Europa arbeitet länger

Frankreichs Entscheidung, die 35-Wochen-Stunde abzuschaffen, indem man den Arbeitgebern gestattet, die Arbeitszeit bei vollem Lohnausgleich zu verlängern, markiert die Umkehr eines Jahrzehnte alten Trends. In den 1980er und 1990er Jahren wurde die Arbeitszeit in den meisten europäischen Ländern verkürzt: In Deutschland von über 40 auf 38 Stunden pro Woche, in Großbritannien von 40 auf 37, in Dänemark von 39 auf 37 und in Frankreich von 40 auf 35 Stunden. Jetzt geht die Reise in die andere Richtung. Die Europäer werden länger arbeiten müssen, um mit der Globalisierung fertig zu werden.

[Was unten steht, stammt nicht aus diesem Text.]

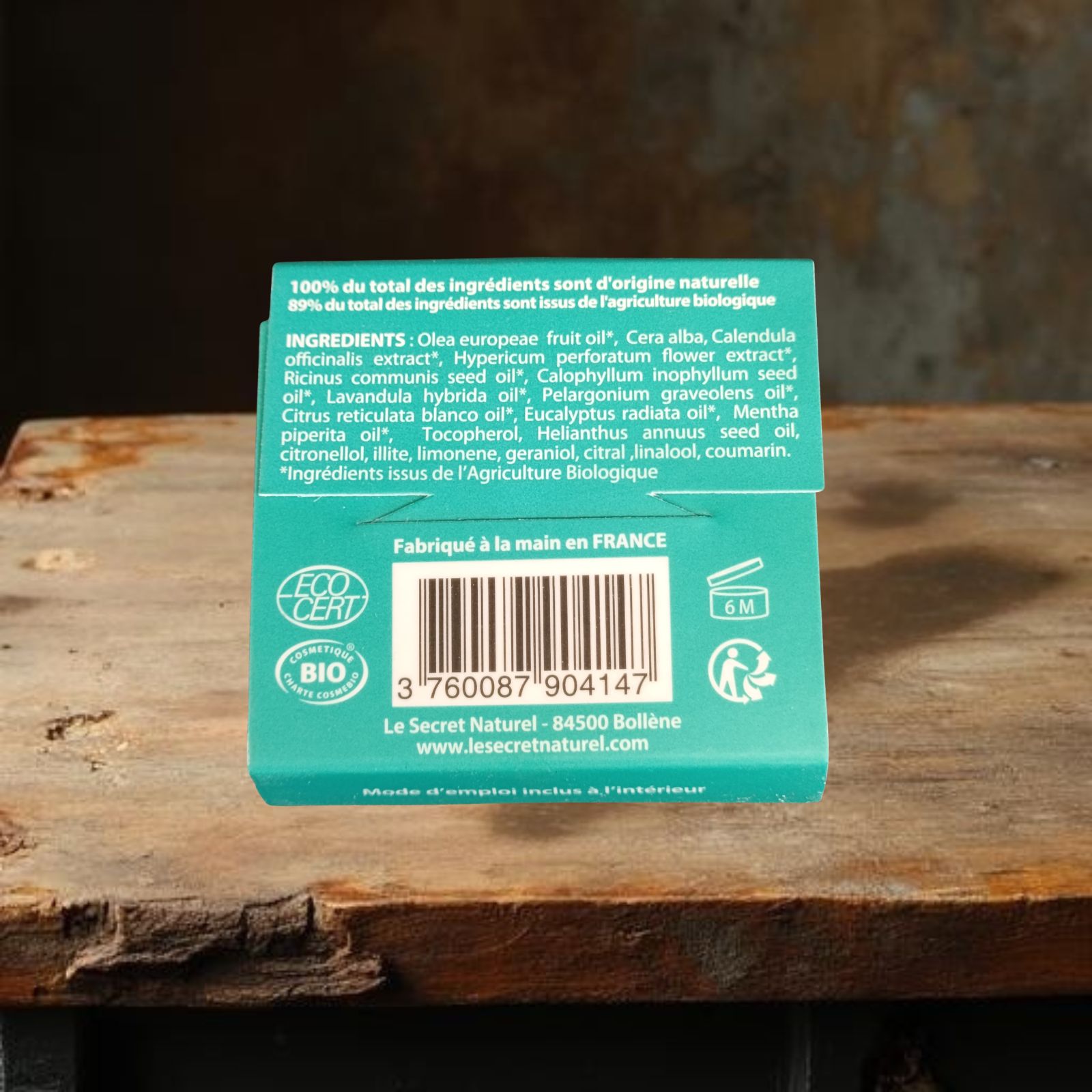 Huile d’olive*, cire d’abeille, calendula*, millepertuis*, huile vierge de ricin*, huile vierge de calophyllum*, huiles essentielles de lavandin*, de géranium*, de mandarine verte*, d’eucalyptus radiata*, de menthe poivrée*, vitamine E naturelle, huile de tournesol, argile rouge, molécules naturellement présentes dans les huiles essentielles.
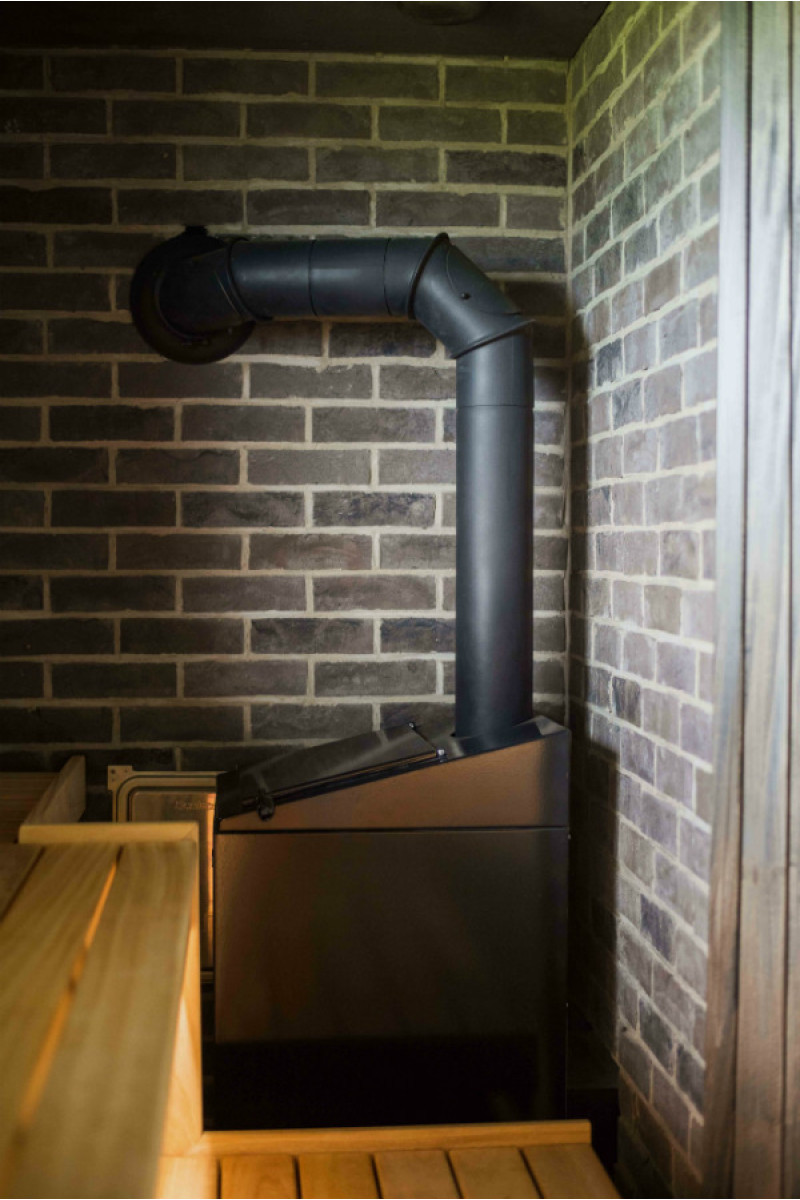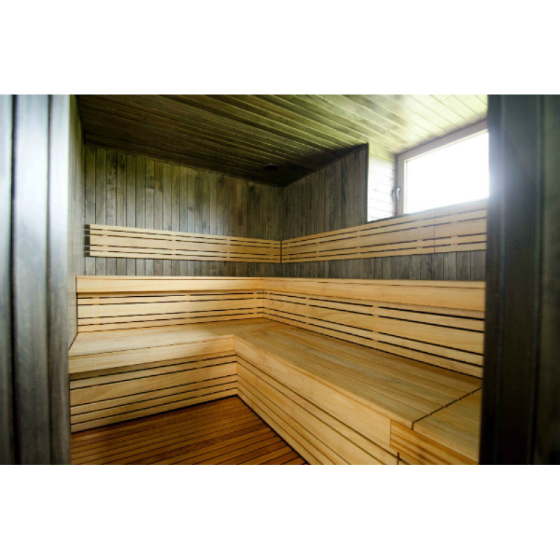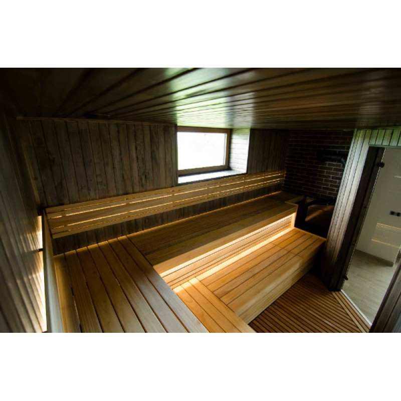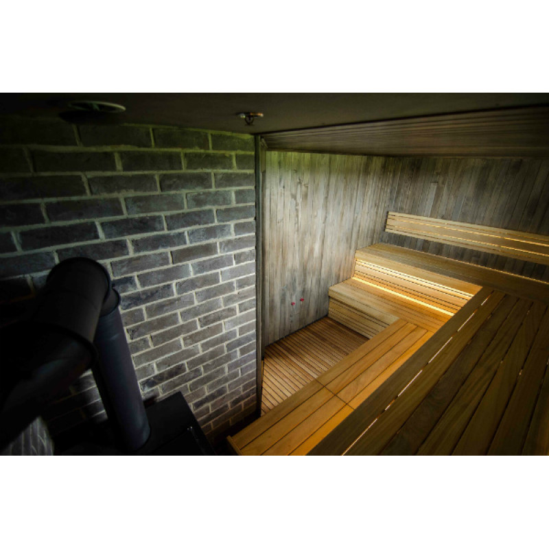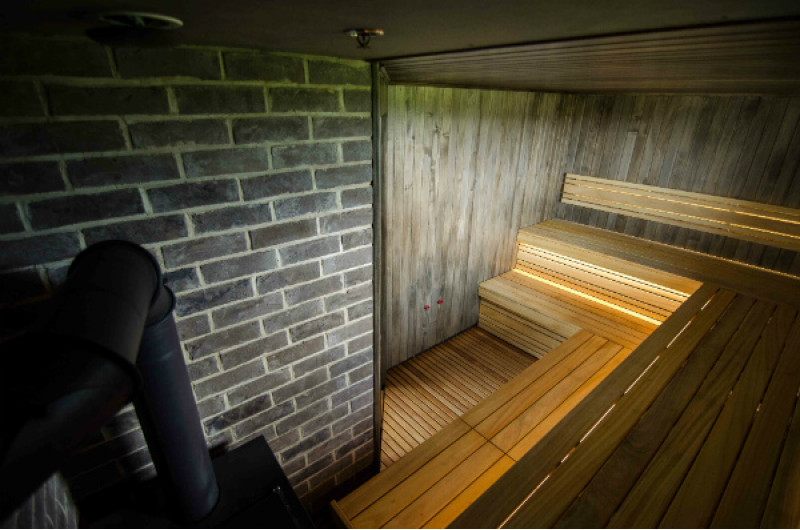 Sienos ir lubos, vaškuotos specialiu juodos spalvos vašku, sukuria kontrastą su šviesiais pirties gultais, patalpa atrodo unikaliai, sukuriama jauki ir moderni atmosfera. Šį gultų ir sienų kontrastą dar labiau paryškina įrengtas temperatūrai ir drėgmei atsparus baltos spalvos LED apšvietimas po gultais ir nugaros atramomis.
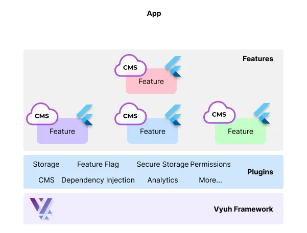 Section titled “Presenting the Vyuh framework”Vyuh is a framework to build modular, scalable Flutter apps driven by a Content Management System (CMS)
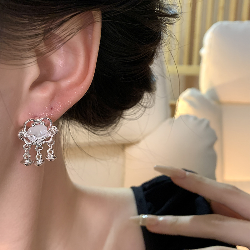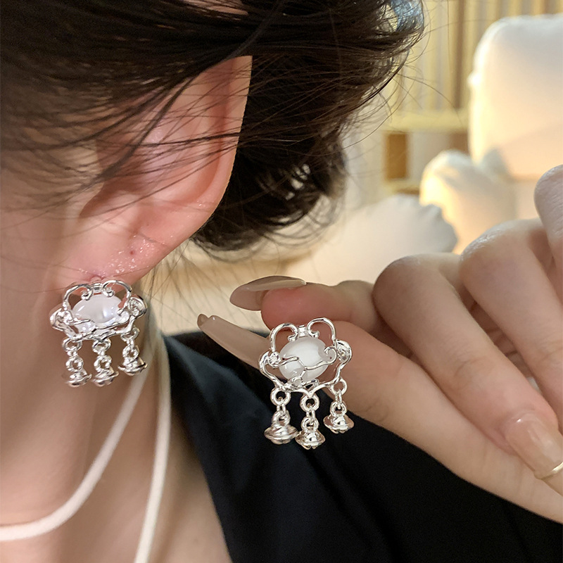 饰品小众搞几个文艺气质猫眼石耳环S925银针新中式复古平安锁耳钉
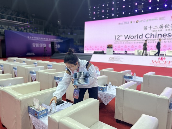 布置世界华人经济论坛会场。
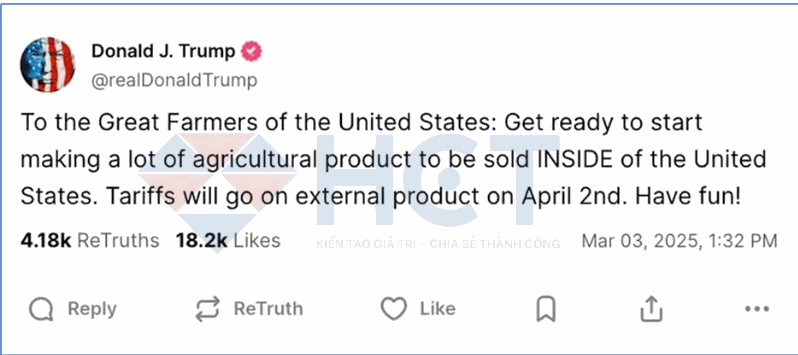 5. Tổng thống Donald Trump vừa kêu gọi nông dân Mỹ chuẩn bị đẩy mạnh sản xuất nông sản để tiêu thụ nội địa, trong bối cảnh Mỹ sẽ áp thuế lên hàng hóa nông sản nhập khẩu bắt đầu từ ngày 2/4/2025. Động thái này nhằm ưu tiên tiêu dùng sản phẩm trong nước, tạo điều kiện thuận lợi cho nông dân nội địa.
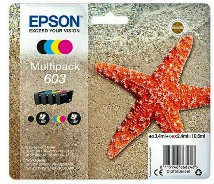 Epson 603 Ink Cartridges Multipack Starfish Series Genuine 4-Colours Brand New
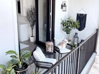 The apartment is located on a low 8th floor, overlooking the green hills and the sea.
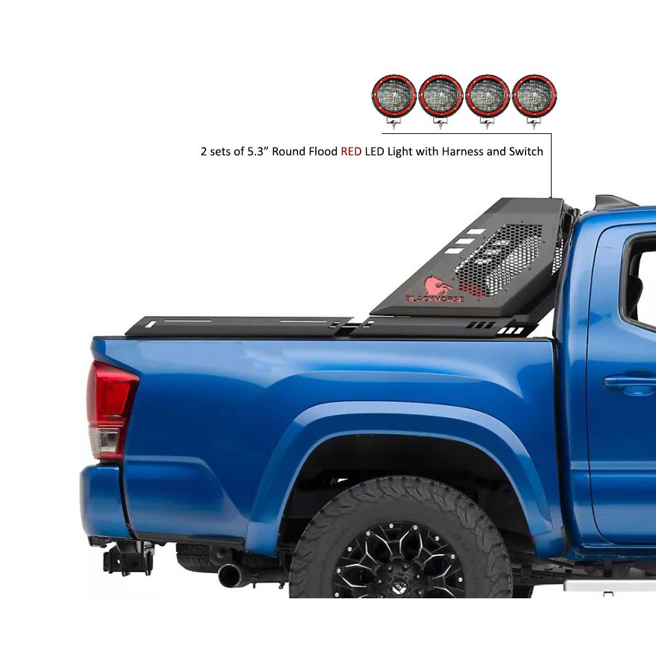 Black Horse Off Road Vigor Roll Bar Kit Black Steel Modular 2nd Box contains VI06 : 51lb, 34x12x7 & 2 sets of 5.3" Dia. Red LED Flood Lights w/ Harness and Switch Doesn't work with Tonneau cover WITH ADJUSTABLE SQUARE LIGHT Patented
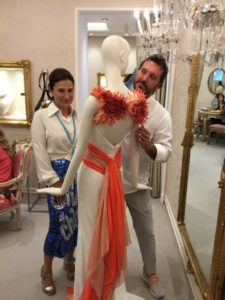 Mariano Della Corte. Party in gioielleria da Chantecler dove è stato presentato GLAmour, un abito gioiello dedicato all’ isola dell’ amore, nato dall’ incontro tra l’ estro di Chantecler e il talento dello stilista Antonio Riva. Due eccellenze del lusso che si incontrano per creare una sinergia e un progetto molto speciale: l’ abito GLAmour, come sintesi tra glamour e amour. Antonio Riva è noto per i abiti da sposa e per essere lo stilista delle star. Così come Capri è l’ isola dell’ amore e Chantecler il gioielliere che crea i gioielli per le donne del jet set: coralli dalle tinte di arancio e rosso sono finemente ricamati sullo chiffon dell’ abito da sera, un lungo modello in cady color bianco seta con scollatura a barchetta sul davanti e arricchito sul retro, da un oblò completamente decorato dai preziosi rami di corallo di Chantecler caratterizzati da forme naturali e da colori intensi che sfumano dal rosso al rosa.
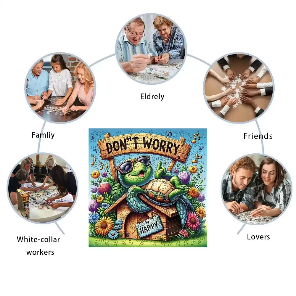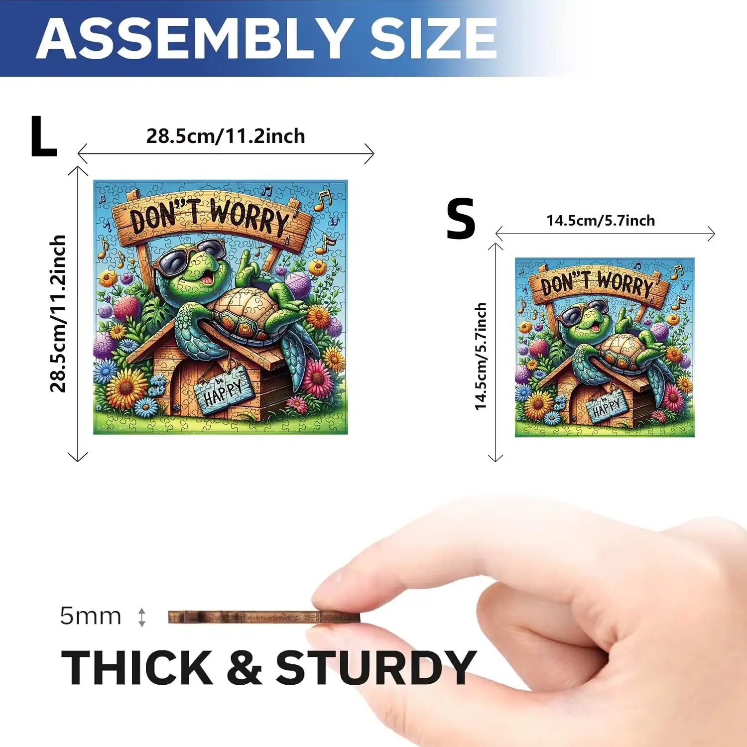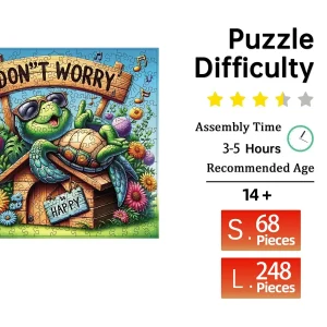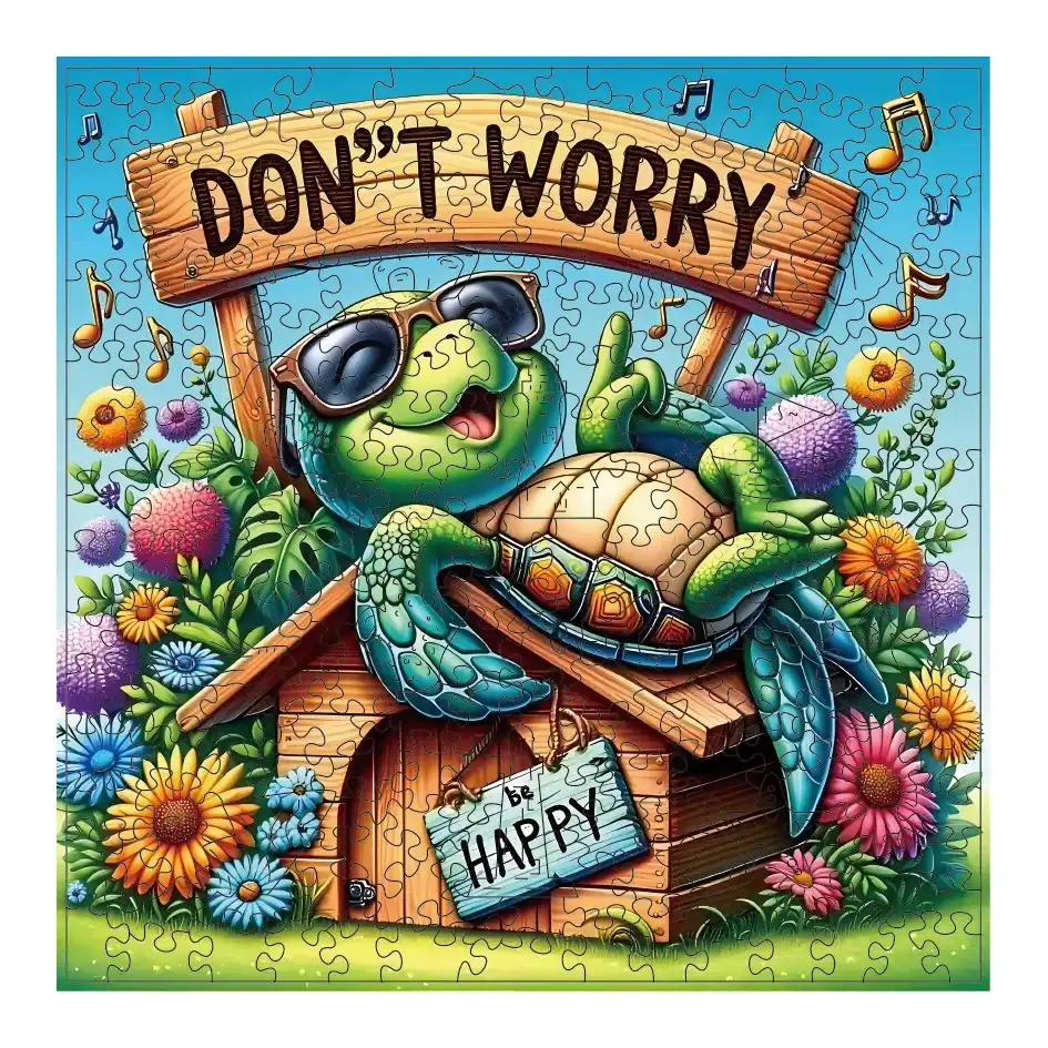 Discover the joy of relaxation with the Happy Turtle Wooden Jigsaw Puzzle, featuring an adorable turtle perched atop a charming house, accompanied by the uplifting phrase “Don’t Worry.” Crafted from high-quality, eco-friendly wood, this puzzle not only provides hours of engaging entertainment but also serves as a delightful piece of decor once completed. Perfect for puzzle enthusiasts of all ages, it encourages mindfulness and creativity while promoting a positive mindset. Bring home this whimsical puzzle today and let the happy turtle remind you to embrace life’s simple pleasures.
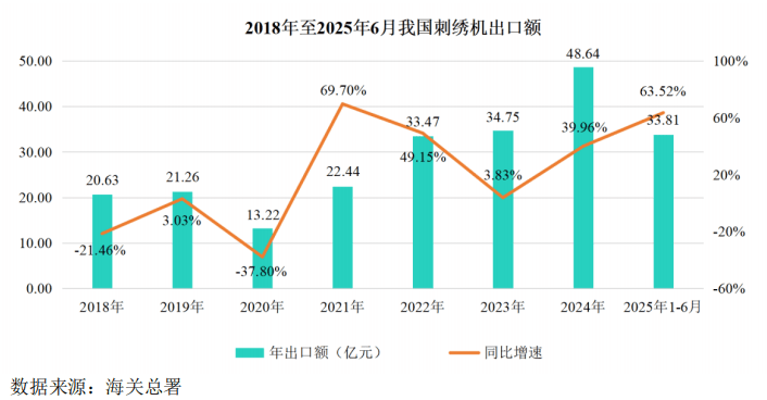 2022年至2025年6月,我国刺绣机出口额分别达到33.47亿元、34.75亿元、48.64亿元和33.81亿元,同比增幅分别为49.15%、3.83%、39.96%和63.52%,出口规模整体保持稳步增长的良好态势。
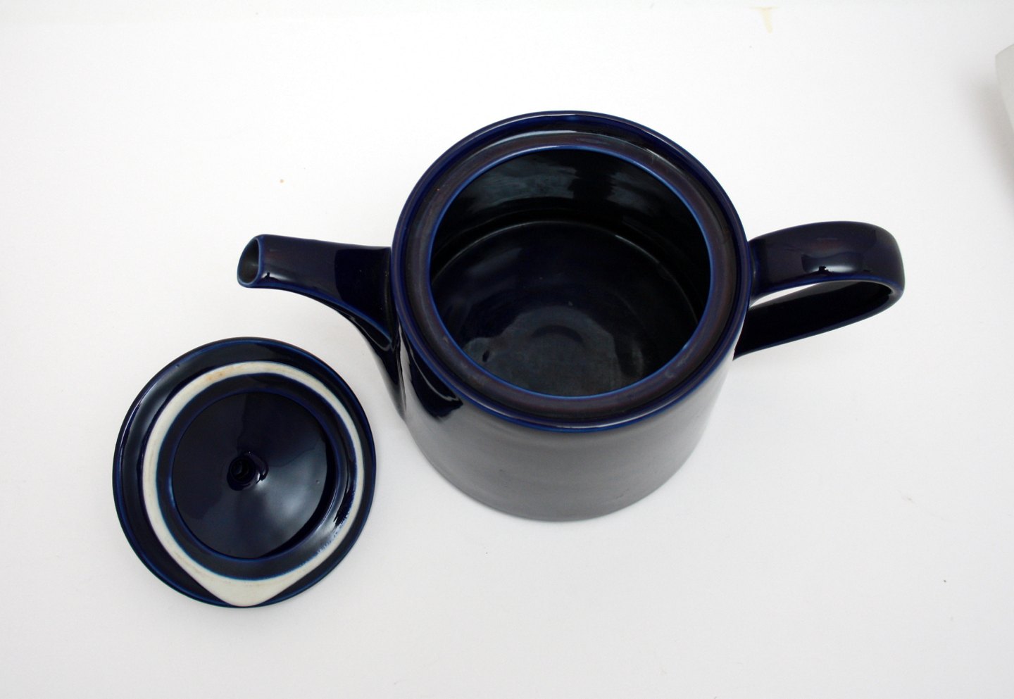 Lyngby Dan-ild med glasurfarver, blå 2600. Design Axel Brüel i 1958. Tekande med låg. Højde 14,5 cm. Længde 23,5 cm. Pris: SOLGT

Frankreich folgt den Veränderungen in Deutschland, wo die Tarifverhandlungen schon im letzen Jahr zu einer Arbeitszeitverlängerung geführt haben. Der Unterschied zwischen den beiden Ländern ist allerdings, dass die Arbeitszeit in Deutschland ohne Lohnausgleich verlängert wurde.

Siemens war der Vorreiter und verlängerte die Wochenarbeitszeit von 35 auf 40 Stunden. Die bayrische Regierung verlängerte die Arbeitswoche von 38,5 auf 40 Stunden für ältere Staatsdiener und auf 42 Stunden für jüngere. Als DaimlerChrysler die Arbeitszeit in seinem Forschungs- und Entwicklungszentrum von 35 auf 40 Stunden pro Woche anhob, war der Damm gebrochen, und weitere Tarifabkommen schlossen sich dem Trend an.